# Outdoor cat moving to indoor 5th floor apartment -- Please help



## MikeNSwiss (Dec 4, 2008)

Dear Community:

Our boy cat Luis is 4 and 1/2 year old. We got him from a barn house in the Oberland of Switzerland. Now "Luis" is moving for the third time in his life. 

For Luis first two years he lived inside with plenty of balcony view. Also, about once a month he would go to the country to gradma's house in the Bernese Oberland part of Switzerland. There is was easy to let him outside. 

Now for the past year and 1/2 he has lived with me on a ground floor of an apartment building -- one that was closer to my new job. 

Yet again, I really need to move. This time, I could only find a 5th floor apartment... 

Really any and all suggestions you may have on finding ways to coop with Luis transitioning mostly to indoor living would be greatly appreciated. I love my boy and I want to find a way to teach him to be happy. 

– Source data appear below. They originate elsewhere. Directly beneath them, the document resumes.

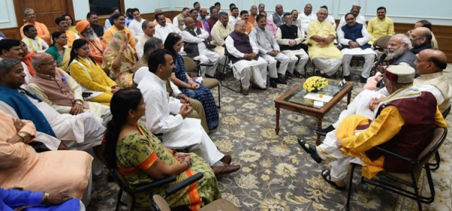 नई दिल्ली। प्रधानमंत्री नरेंद्र मोदी और भारतीय जनता पार्टी के राष्ट्रीय अध्यक्ष अमितभाई शाह के साथ उत्तर प्रदेश के बीजेपी सांसदों की प्रथम बैठक हुई, जिसमें गृहमंत्री राजनाथ सिंह, भाजपा के वरिष्ठ सांसद मुरली मनोहर जोशी और संसदीय कार्यमंत्री अनंत कुमार उपस्थित थे। सांसदों ने नरेंद्र मोदी और अमितभाई शाह का गर्मजोशी से अभिवादन किया। भाजपा के राष्ट्रीय अध्यक्ष ने उत्तर प्रदेश में ऐतिहासिक जीत के लिए नरेंद्र मोदी के नेतृत्व में अथक परिश्रम करने के लिए सभी सांसदों को धन्यवाद दिया। प्रधानमंत्री ने अपने उद्बोधन में भाजपा के सांसदों के दायित्व की सक्रियता को गतिमान बनाने के लिए प्रेरणाएं दीं और कहा कि 15 साल के लंबे समय के बाद उत्तर प्रदेश में भाजपा की सरकार, जन सेवा और विकास के लिए पूरी शक्ति के साथ कार्यरत हो गई है। उन्होंने यूपी में भाजपा सरकार की सफलता और वहां सुशासन का निर्माण करने के लिए और उत्तर प्रदेश को बीमारू स्थिति से निकालकर सुचारु उत्तर प्रदेश बनाने के लिए जन अपेक्षा की पूर्ति और भ्रष्टाचारमुक्त शासन प्रस्थापित करने के लिए नई सरकार को पूरा सहयोग देने का आग्रह किया।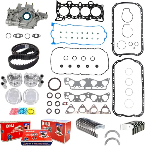 ESTE KIT INCLUYE: Juego de pistones, juego de anillos de pistón, juego de cojinetes principales, juego de cojinetes de biela, juego completo de juntas/sellado, arandela de empuje, correa de distribución, bomba de aceite Compatible con: Honda / Civic 96-00, Civic del Sol 1.6L L4 SOHC aspirado naturalmente D16Y7 NOTAS DE AJUSTE: con bomba de aceite y correa de distribución o kit de sincronización, si corresponde, Kit maestro Está seguro de recibir una pieza de calidad probada en todo el mundo del Kit de Reconstrucción de Motor Master con ajuste y rendimiento de calidad OE. IMPORTANTE: Este kit de motor es de tamaño estándar en todos sus componentes. Si necesita pistones de gran tamaño, anillos de pistón, rodamientos de biela o rodamientos principales, envíenos un mensaje antes de realizar el pedido, indicando el tamaño correcto que necesita, para que nuestro equipo de servicio al cliente pueda confirmar la disponibilidad. Si no recibimos comunicación de usted, todo se enviará en TAMAÑO ESTÁNDAR por defecto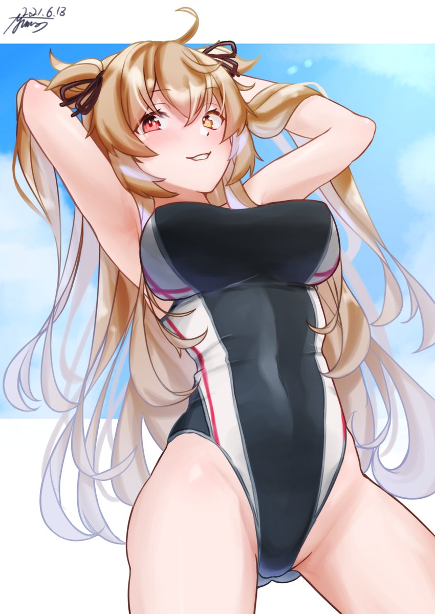 お題:オイゲンちゃんの水着を見て涼みたい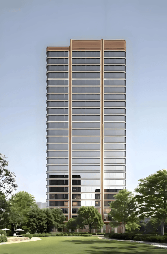 外立面采用流畅弧线转角设计,搭配Low-E中空玻璃幕墙,辅以香槟色格栅与铝板点缀,与云城地标“金钥匙”、“金手指”交相辉映,共同构筑世界级中轴线上的艺术景观。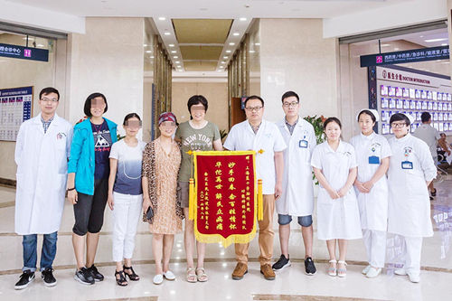 周鹿敏(左5)代摯友送錦旗感謝醫(yī)院的技術(shù)與服務(wù)

He still will get to visit grandma once a month for at least a week or so. Many thanks again for your suggestions in advance.

Best.

Michael & Luis


----------



## Izzie999 (Nov 27, 2008)

:Hi Mike,

I have pm'd you. Good luck with Luis

Izzie


----------



## GLAcat (Nov 26, 2008)

About 4 years ago we moved from a house in a small village (where our cat Thomas would be allowed out at any time) to a 6th floor flat in Glasgow. We talked it over with our vet who said that most cats adjust quite easily to this. So we brought Thomas to Glasgow (7 hours in the car - I bought a large dog cage to give him plenty of room). He settled in immediately and never seemed to miss his outside life.

YMMV

Martyn


----------



## shortbackandsides (Aug 28, 2008)

Hi i have indoor cats,they are very content and happy,there are many toys,climbing frames you can get to keep him occupied,so dont worry im sure he`ll cope fine


----------



## Siamese Kelly (Jan 6, 2008)

Hi Micheal and Luis and welcome alongWe also have indoor cats only whom are all more than stimulated and very happy and forfilled,we also have an old man moggie who for the first 6/7 yrs of his life was a free roaming chap who kinda just accepted and got on with things,then because of fears for his safety we built him his own bachelor,old man pad and so though he still has fresh air,he is enclosed and safe and believe me he is far happier and has adapted extremely well,so like SBAS's has said with enough stimulation ie toys/climbing frame etc and lots of interaction from you he will i'm sure settle fine and if your at work for long periods you could always consider getting him a companionGood luck with the move and do keep us updated on how you and he go,thanks


----------



## kazkat (Dec 7, 2008)

Think everyone has said it all but a really decent climbing frame with a few platforms and beds is a must.


----------